DATASET EXTRACT:

━━━━━━━━━━

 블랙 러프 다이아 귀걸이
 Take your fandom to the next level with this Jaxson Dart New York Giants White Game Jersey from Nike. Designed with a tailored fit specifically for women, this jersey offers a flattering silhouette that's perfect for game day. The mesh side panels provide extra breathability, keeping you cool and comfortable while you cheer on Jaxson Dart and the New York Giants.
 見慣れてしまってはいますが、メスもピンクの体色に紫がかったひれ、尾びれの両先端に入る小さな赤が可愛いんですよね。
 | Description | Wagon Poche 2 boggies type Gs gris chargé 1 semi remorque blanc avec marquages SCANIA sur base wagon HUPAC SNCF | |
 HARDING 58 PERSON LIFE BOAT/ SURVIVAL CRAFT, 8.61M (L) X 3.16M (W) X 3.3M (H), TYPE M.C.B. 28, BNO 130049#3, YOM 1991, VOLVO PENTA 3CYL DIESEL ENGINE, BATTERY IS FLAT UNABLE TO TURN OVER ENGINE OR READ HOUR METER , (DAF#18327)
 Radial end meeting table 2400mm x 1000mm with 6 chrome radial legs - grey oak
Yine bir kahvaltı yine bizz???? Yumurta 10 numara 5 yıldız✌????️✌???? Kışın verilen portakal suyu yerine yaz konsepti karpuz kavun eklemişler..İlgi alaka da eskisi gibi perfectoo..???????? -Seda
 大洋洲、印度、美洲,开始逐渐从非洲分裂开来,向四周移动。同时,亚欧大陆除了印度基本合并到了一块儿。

━━━━━━━━━━

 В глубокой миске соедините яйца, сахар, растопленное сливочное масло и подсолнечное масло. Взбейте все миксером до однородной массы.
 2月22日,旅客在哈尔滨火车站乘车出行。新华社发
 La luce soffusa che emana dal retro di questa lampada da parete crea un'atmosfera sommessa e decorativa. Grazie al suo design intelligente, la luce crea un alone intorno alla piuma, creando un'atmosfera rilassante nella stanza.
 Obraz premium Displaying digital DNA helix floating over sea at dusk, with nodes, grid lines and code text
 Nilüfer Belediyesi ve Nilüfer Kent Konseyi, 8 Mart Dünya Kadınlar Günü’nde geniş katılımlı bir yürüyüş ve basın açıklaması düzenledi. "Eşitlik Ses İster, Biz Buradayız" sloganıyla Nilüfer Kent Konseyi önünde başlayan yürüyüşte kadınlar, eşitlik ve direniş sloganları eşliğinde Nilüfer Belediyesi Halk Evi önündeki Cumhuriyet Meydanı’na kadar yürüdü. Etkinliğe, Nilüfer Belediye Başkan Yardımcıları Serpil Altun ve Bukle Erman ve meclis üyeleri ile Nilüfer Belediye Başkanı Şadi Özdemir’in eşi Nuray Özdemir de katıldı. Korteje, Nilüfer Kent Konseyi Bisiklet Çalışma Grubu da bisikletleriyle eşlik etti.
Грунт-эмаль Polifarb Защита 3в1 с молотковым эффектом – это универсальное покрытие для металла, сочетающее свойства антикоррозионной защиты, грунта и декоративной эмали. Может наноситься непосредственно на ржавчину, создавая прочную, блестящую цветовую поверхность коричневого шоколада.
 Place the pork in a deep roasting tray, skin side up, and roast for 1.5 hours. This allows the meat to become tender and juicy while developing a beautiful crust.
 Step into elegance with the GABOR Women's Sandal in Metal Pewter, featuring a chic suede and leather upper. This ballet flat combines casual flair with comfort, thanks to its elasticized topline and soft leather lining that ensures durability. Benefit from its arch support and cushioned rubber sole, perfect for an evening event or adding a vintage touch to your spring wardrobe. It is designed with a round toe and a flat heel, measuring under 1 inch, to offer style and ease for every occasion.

━━━━━━━━━━

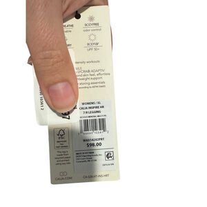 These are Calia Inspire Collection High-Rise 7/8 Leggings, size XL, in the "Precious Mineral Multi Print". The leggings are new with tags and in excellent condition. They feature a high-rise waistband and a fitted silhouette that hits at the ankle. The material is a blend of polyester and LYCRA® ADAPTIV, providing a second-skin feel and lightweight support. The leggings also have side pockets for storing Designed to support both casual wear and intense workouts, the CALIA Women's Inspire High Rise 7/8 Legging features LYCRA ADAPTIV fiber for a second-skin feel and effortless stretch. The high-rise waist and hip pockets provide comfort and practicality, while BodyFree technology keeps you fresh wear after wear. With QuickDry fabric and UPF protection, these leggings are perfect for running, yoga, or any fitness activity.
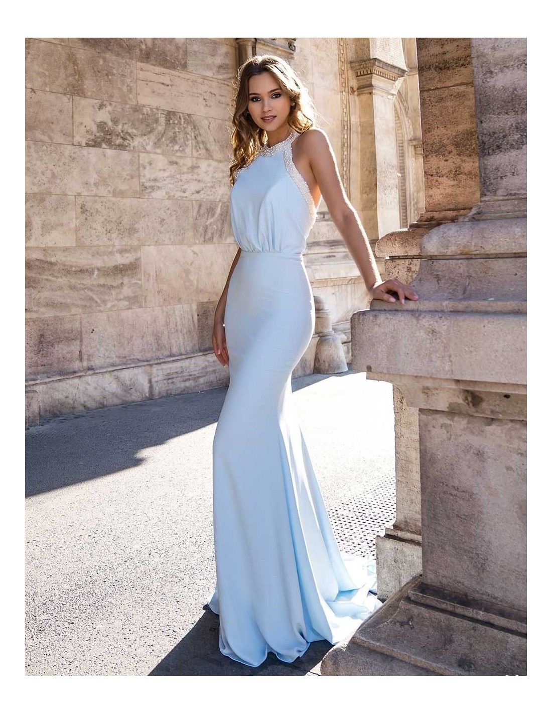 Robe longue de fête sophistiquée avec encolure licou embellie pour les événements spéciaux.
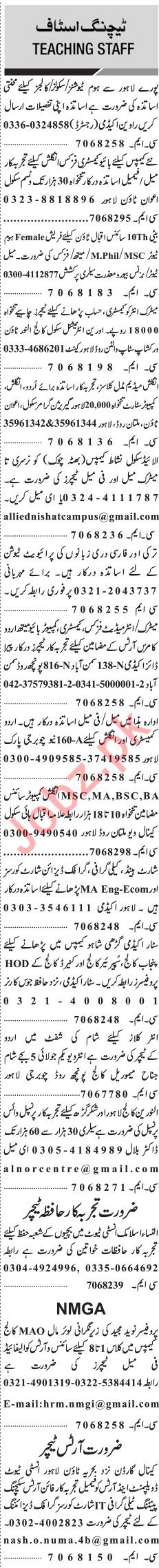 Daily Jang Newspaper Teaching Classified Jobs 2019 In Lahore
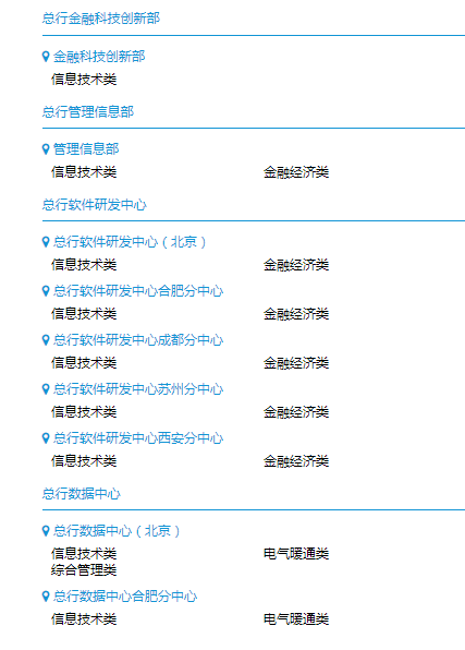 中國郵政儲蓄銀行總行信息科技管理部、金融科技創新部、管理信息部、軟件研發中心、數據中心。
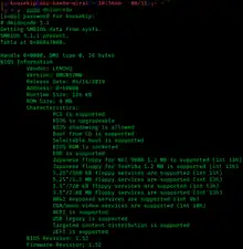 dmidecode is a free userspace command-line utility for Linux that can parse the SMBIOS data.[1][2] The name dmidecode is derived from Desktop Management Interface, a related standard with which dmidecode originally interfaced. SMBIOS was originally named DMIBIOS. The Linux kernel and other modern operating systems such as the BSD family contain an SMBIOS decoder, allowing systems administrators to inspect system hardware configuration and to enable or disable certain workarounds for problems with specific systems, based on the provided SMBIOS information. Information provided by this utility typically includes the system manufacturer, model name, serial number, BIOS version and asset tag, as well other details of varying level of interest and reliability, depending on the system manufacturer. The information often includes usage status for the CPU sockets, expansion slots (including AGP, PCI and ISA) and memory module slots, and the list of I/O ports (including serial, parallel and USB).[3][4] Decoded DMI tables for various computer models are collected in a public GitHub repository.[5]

━━━━━━━━━━

TASK STATEMENT: Copy the entries above exactly, but only from the line holding "블랙 러프 다이아 귀걸이" through the line holding "大洋洲、印度、美洲,开始逐渐", both included.

ANSWER AREA:
 블랙 러프 다이아 귀걸이
 Take your fandom to the next level with this Jaxson Dart New York Giants White Game Jersey from Nike. Designed with a tailored fit specifically for women, this jersey offers a flattering silhouette that's perfect for game day. The mesh side panels provide extra breathability, keeping you cool and comfortable while you cheer on Jaxson Dart and the New York Giants.
 見慣れてしまってはいますが、メスもピンクの体色に紫がかったひれ、尾びれの両先端に入る小さな赤が可愛いんですよね。
 | Description | Wagon Poche 2 boggies type Gs gris chargé 1 semi remorque blanc avec marquages SCANIA sur base wagon HUPAC SNCF | |
 HARDING 58 PERSON LIFE BOAT/ SURVIVAL CRAFT, 8.61M (L) X 3.16M (W) X 3.3M (H), TYPE M.C.B. 28, BNO 130049#3, YOM 1991, VOLVO PENTA 3CYL DIESEL ENGINE, BATTERY IS FLAT UNABLE TO TURN OVER ENGINE OR READ HOUR METER , (DAF#18327)
 Radial end meeting table 2400mm x 1000mm with 6 chrome radial legs - grey oak
Yine bir kahvaltı yine bizz???? Yumurta 10 numara 5 yıldız✌????️✌???? Kışın verilen portakal suyu yerine yaz konsepti karpuz kavun eklemişler..İlgi alaka da eskisi gibi perfectoo..???????? -Seda
 大洋洲、印度、美洲,开始逐渐从非洲分裂开来,向四周移动。同时,亚欧大陆除了印度基本合并到了一块儿。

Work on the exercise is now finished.